Using the data below, return word for word every line from the one holding "Music Time-Traveller Teacher" down to the one holding "KENDARI – Anggota". Leave pictures out.

- **Records for this exercise**

===============

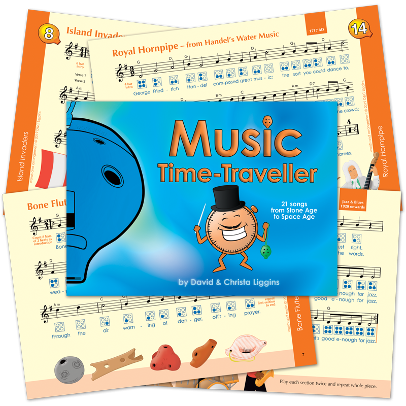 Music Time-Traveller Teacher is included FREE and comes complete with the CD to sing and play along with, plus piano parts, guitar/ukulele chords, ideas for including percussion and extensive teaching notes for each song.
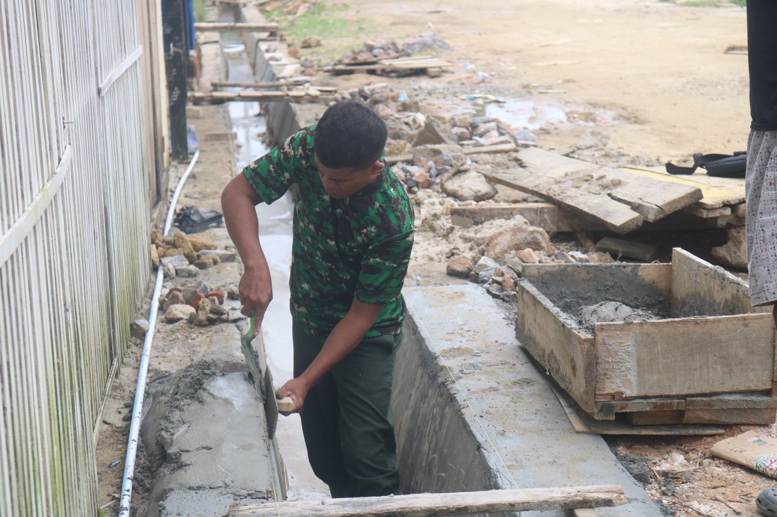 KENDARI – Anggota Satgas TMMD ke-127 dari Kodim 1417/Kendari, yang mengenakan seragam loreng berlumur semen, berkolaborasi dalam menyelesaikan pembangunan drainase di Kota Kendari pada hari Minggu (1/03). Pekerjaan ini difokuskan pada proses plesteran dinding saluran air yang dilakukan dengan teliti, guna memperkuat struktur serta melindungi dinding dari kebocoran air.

===============

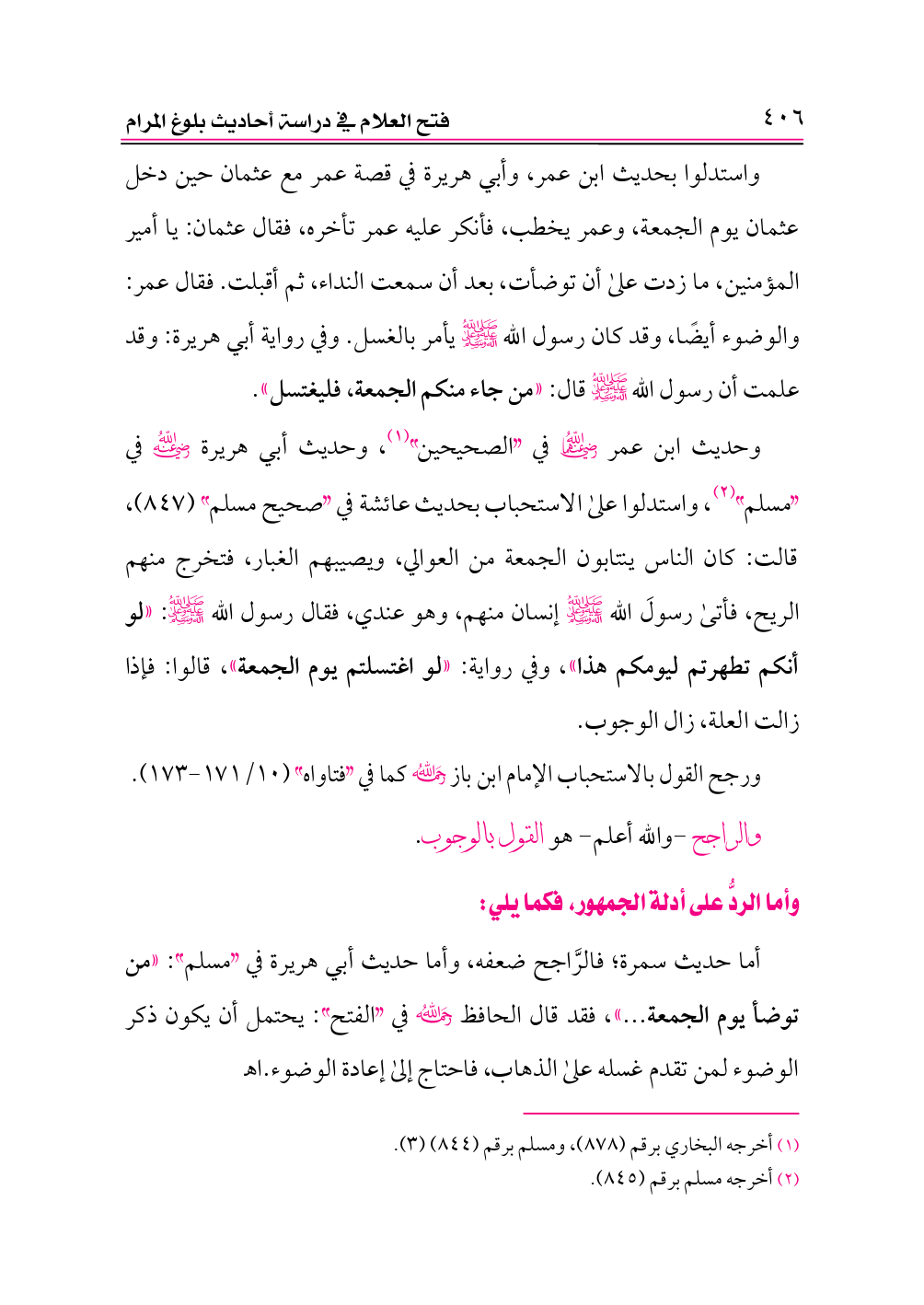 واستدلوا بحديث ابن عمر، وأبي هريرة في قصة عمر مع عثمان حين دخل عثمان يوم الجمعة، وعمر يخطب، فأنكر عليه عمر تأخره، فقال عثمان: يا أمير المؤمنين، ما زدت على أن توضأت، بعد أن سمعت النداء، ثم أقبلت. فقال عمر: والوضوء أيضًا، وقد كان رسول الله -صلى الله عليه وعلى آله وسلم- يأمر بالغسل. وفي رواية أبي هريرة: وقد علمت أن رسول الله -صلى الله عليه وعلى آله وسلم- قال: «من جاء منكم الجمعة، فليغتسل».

===============

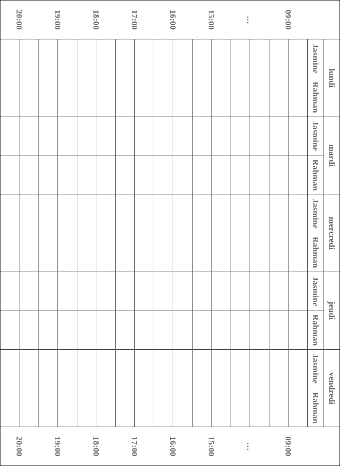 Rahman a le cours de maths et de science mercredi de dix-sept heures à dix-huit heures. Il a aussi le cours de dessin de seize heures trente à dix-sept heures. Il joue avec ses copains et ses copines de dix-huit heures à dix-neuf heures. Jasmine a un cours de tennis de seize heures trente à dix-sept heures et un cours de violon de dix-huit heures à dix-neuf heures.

===============

- **Response to the exercise**
 Music Time-Traveller Teacher is included FREE and comes complete with the CD to sing and play along with, plus piano parts, guitar/ukulele chords, ideas for including percussion and extensive teaching notes for each song.
 KENDARI – Anggota Satgas TMMD ke-127 dari Kodim 1417/Kendari, yang mengenakan seragam loreng berlumur semen, berkolaborasi dalam menyelesaikan pembangunan drainase di Kota Kendari pada hari Minggu (1/03). Pekerjaan ini difokuskan pada proses plesteran dinding saluran air yang dilakukan dengan teliti, guna memperkuat struktur serta melindungi dinding dari kebocoran air.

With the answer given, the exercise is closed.